Ship mscore / fluid-soundfont in Hardy?

Toby Smithe tsmithe at ubuntu.com
Tue Mar 11 20:16:19 GMT 2008


Hi,

Recently fluid-soundfont hit the archives (and since then, Debian).
This is the first Free GM SoundFont, and is thus pretty damn useful.
If you don't know what GM is, then this question probably isn't for
you.

fluid-soundfont enables synthesis that requires, you guessed it, a
SoundFont. There are a number of packages in the archive which could
potentially benefit: timidity, fluidsynth, mscore. I'm concentrating
on mscore, because currently it links against the fluidsynth library
(rather than use the ALSA sequencer), using that to synthesise audio.
FluidSynth (as far as I am aware, and certainly in the way that mscore
uses it) does not support the smaller freepats patches to do
synthesis, and requires a soundfont.

This direct linking makes it very easy, provided there is access to a
SoundFont, to just get up and go: open mscore, and there's no other
faffing about required before you can make noises. Naturally, the
problem lies in that caveat: "provided there is access to a
SoundFont". By default, there isn't, and so mscore doesn't make any
sound.

The last upload of mscore (-0ubuntu2) contained a patch to default it
to look for the fluid-soundfont-gm file. This means that, if
fluid-soundfont-gm is installed, mscore will Just Work. Because of
this huge boost in functionality, the mscore package Recommends the
fluid-soundfont-gm package. I would have set it to Depends, but there
are two factors against this:

1. It does not fundamentally require the SoundFont, and can just as
well (though with a little more effort), use a user-supplied font, as
the package's install notification advised in the original -0ubuntu1
version. Or, it can just work silently.
2. fluid-soundfont is *huge* at about 130MiB. If mscore depended on
fluid-soundfont-gm, it would force the user to download an excessive
amount over the three meg required to get the program to run.

Now, the question is: do we ship mscore on the DVD for Hardy? I think
that this would be an excellent move: get a relatively new package a
plentitude of airtime to get bugs shown up and ironed out, and improve
awareness of a massively potential Sibelius alternative. Plus, it
would fill the niche that Sibelius does on Windows, but on Ubuntu
Studio.

Should we decide to ship mscore, we then have to decide whether to
ship fluid-soundfont. As the DVD is already 877MiB, which is a lot to
download, users are clearly prepared to download that much. Why would
an extra 130MiB be too much pain? It would enable a lot of
functionality (and during the Intrepid cycle, I'll be further
integrating fluid-soundfont to allow it to replace freepats wherever
possible).

If we do ship mscore, but not fluid-soundfont, users are purely going
to have to download the soundfont separately (thereby increasing the
effects of waiting for download: rather than wait once in one long
chunk, perhaps overnight, users would have to wait twice, which feels
exaggerated), or find an alternative, or work silently.

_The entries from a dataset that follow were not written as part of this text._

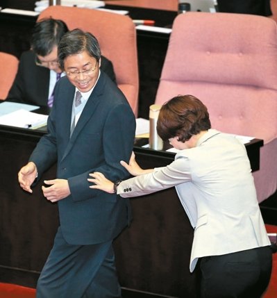 立法院昨天开始总质询,民进党立委陈亭妃(右)质询前找行政院长张善政(左)沟通台南震灾问题,恰好张要进休息室洗手间,陈只好开玩笑地推他先去。图片来源:台湾《联合报》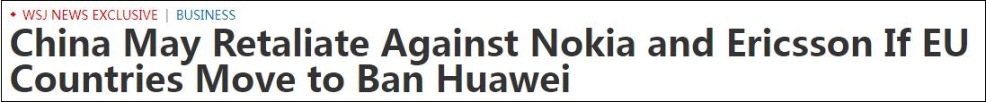 《華爾街日報》獨家報道稱,若歐盟效仿英美禁止華為,那麼中國可能對諾基亞和愛立信進行反擊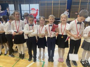6 grudnia ( sobota), dzieci z klasy 2B i 2C, wzięły udział w tanecznym turnieju Mikołajkowym. Turniej był zwieńczeniem 3 miesięcznej nauki tańca w naszej szkole, realizowanej w ramach projektu Taniec moją nową pasją. Celem projektu było wspomaganie wszechstronnego i harmonijnego rozwoju dziecka, wyzwalanie w nim aktywności ruchowej przez taniec, opartej na naturalnej potrzebie ruchu. Dzieci pod okiem instruktorki pani Alicji Majewskiej raz w tygodniu uczyły się: walca, cza-czy i polki. Podczas finału pokazały swoje umiejętności taneczne, które zostały docenione i nagrodzone medalami oraz pucharem dla szkoły. Wszystkim uczestnikom gratulujemy, wielkie brawa!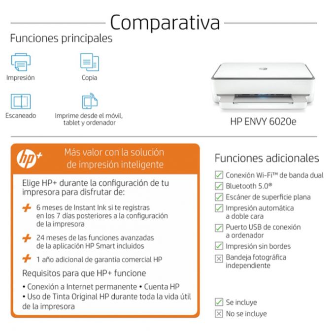 Ficha técnica: HP ENVY 6020e All-in-One Printer.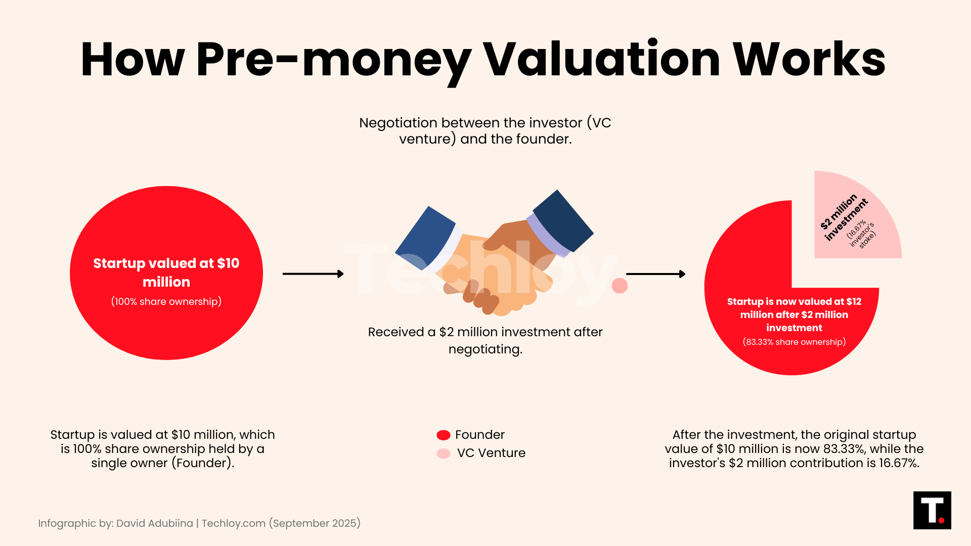 So, if a startup is valued at $10 million before funding, and an investor puts in $2 million, the new value after the deal (post-money valuation) is $12 million. That $2 million now represents 16.67% of the company ($2M Ă· $12M).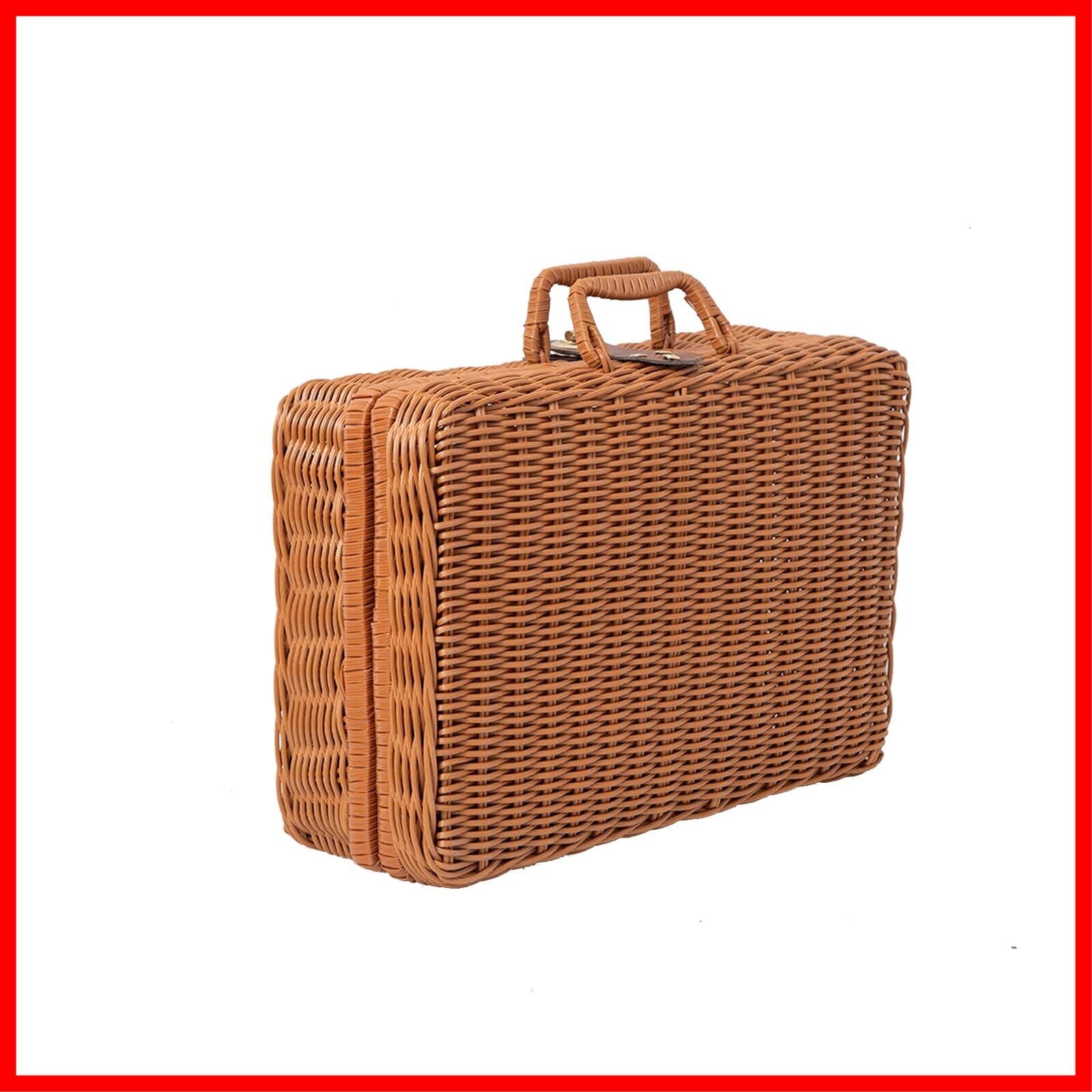 【数量限定】ピクニックバスケット、蓋付きポータブルバスケット、スーツケース、ハンドル付き籐バスケット(ブラウン、35x24x13 cm)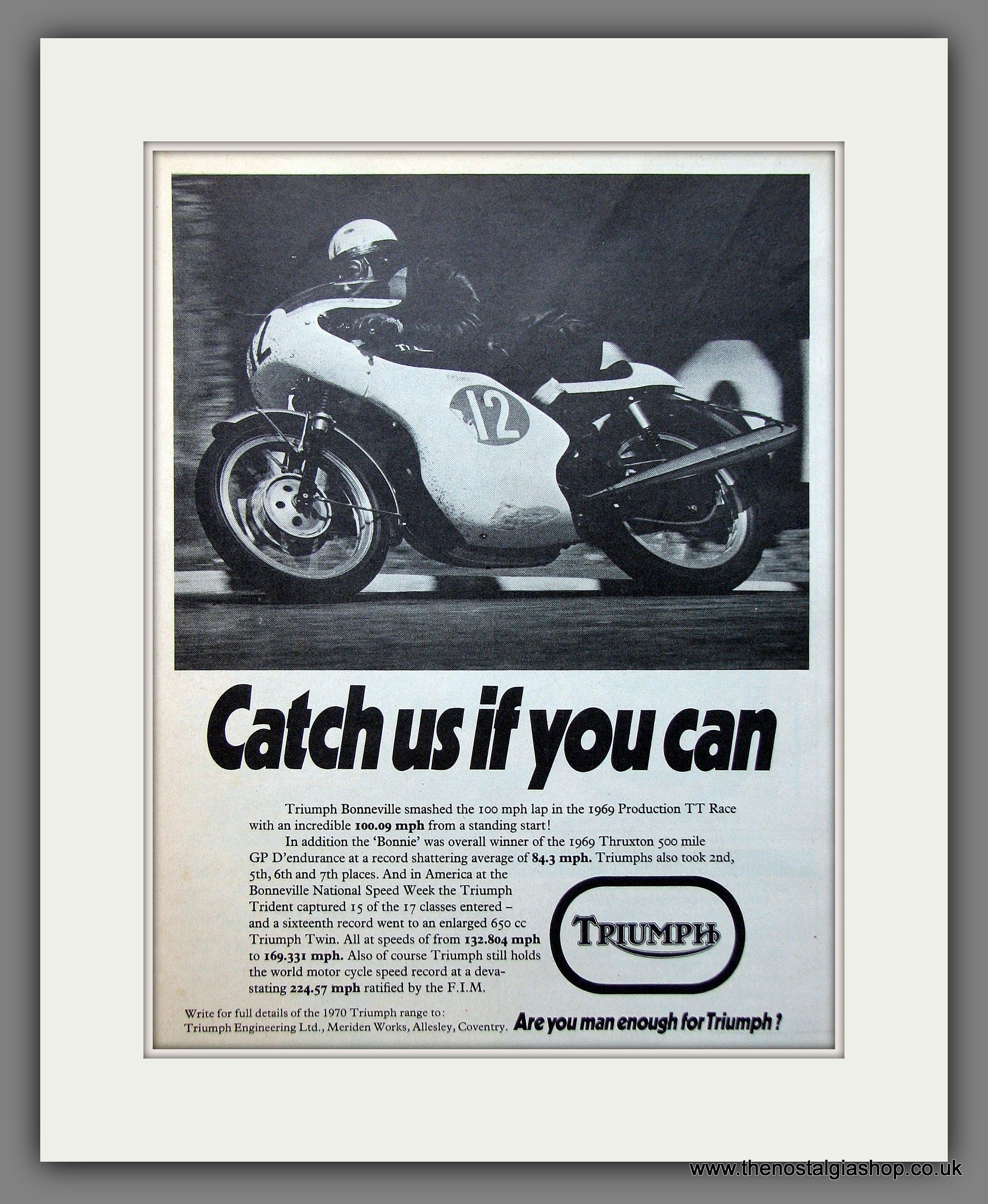 Triumph Bonneville 100mph Lap at the T.T. Classic Original Advert 1970. Presented and Supplied in a 14 x 11 Inch, cream bevel cut mount with backing card and Clear Bag. Ready to frame. All our adverts, unless clearly stated are Originals from the date shown They make excellent pieces of wall art and stunning gifts. Many are rare and hard to find and once sold, may not be replaced. Remember you are buying a piece of history. Website watermark is not on original. Triumph Motorcycles, Vintage Triumph Motorbikes, Triumph Engineering Co.

Personally, I do not have absolute pitch, and would prefer nice, crisp
synthesis to silence. If this means adding an extra 130MiB, then so be
it: the advantages brought certainly outweigh that singular negative,
especially considering that the free software environment is rather
biased towards broadband users.

To sign off, I'll just ask again the question asked in the subject: do
we ship mscore and/or fluid-soundfont in Ubuntu Studio 8.04?